(Supplied material)

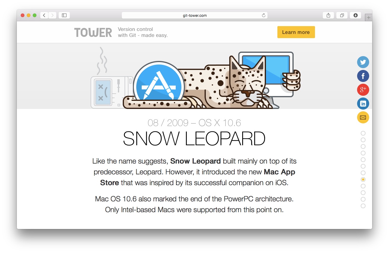 OS X用のGitクライアント「Tower」を開発・販売しているドイツのfournova Software GmbHがTower BlogでMac OS X 10.0からOS X 10.10の歴史をイラストで振り返れる「An Illustrated History of Mac OS X」を公開しています。詳細は以下から。
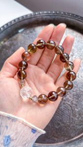 スモーキークォーツ 手彫り 蓮水晶 ブレスレット パワーストーン
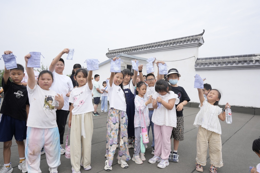 扎染工坊內,孩子們化身為小小的藝術家。他們用手中的染料和布料,大膽地揮灑著自己的創意,將原本素白的布料染成藍白相間的圖案,仿佛將天空與大海的美麗濃縮其中。每一塊布料都承載著孩子們的奇思妙想,展示著他們對色彩與美的獨特理解。
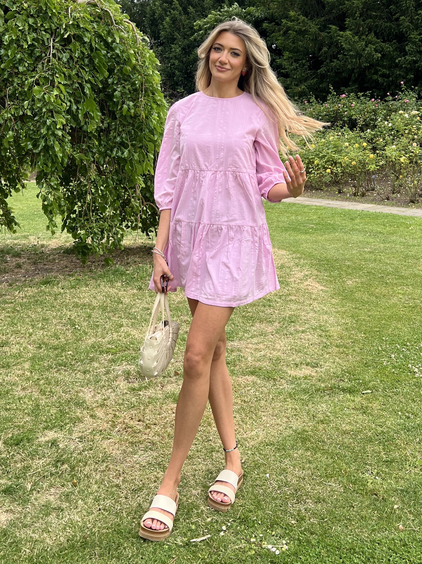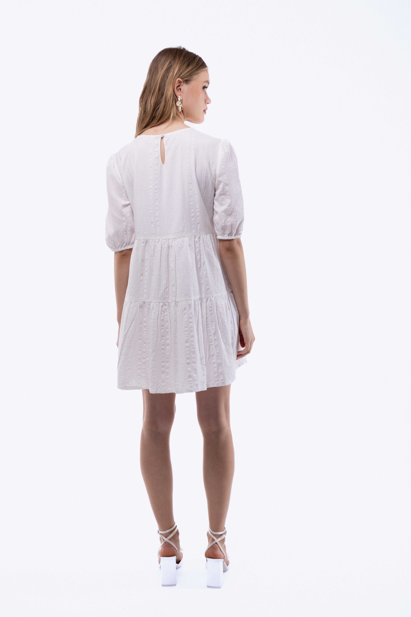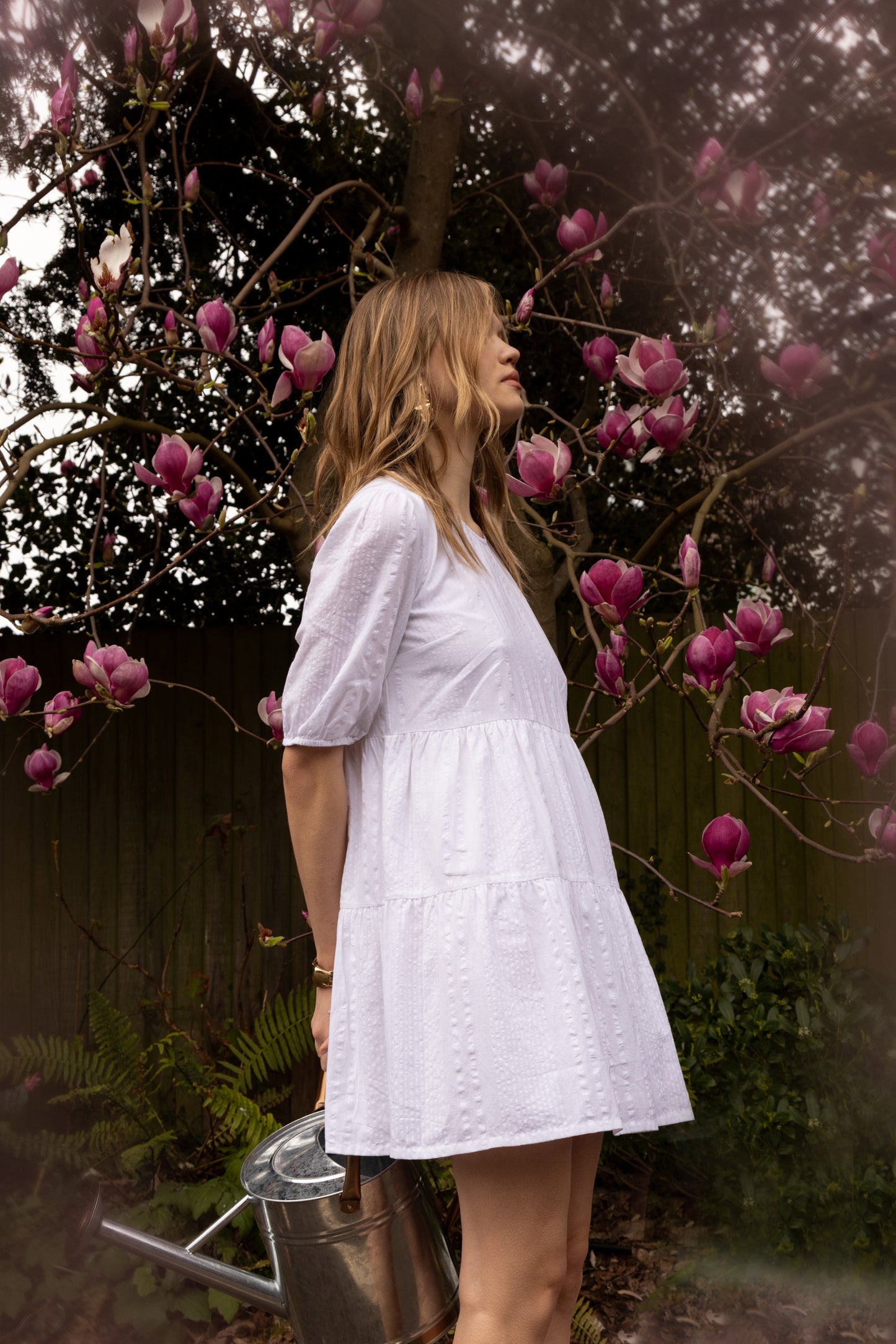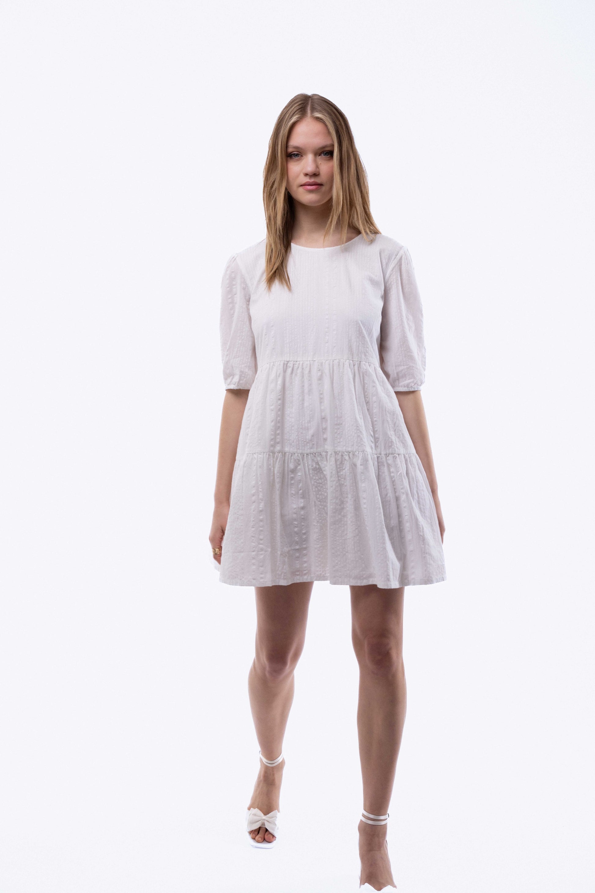 Complete the look with a denim jacket or a chic scarf for extra flair, and you're ready to take on the day. Whether you're heading to brunch, running errands, or enjoying a weekend getaway, this tiered smock dress brings effortless style and comfort together in one wardrobe staple.

(End Supplied material)

I would like the exact lines from the data above, starting with the one that holds "スモーキークォーツ 手彫り 蓮水晶 ブレスレット パワーストーン" and going on through the one that holds "扎染工坊內,孩子們化身為小小", without the pictures.

 スモーキークォーツ 手彫り 蓮水晶 ブレスレット パワーストーン
 扎染工坊內,孩子們化身為小小的藝術家。他們用手中的染料和布料,大膽地揮灑著自己的創意,將原本素白的布料染成藍白相間的圖案,仿佛將天空與大海的美麗濃縮其中。每一塊布料都承載著孩子們的奇思妙想,展示著他們對色彩與美的獨特理解。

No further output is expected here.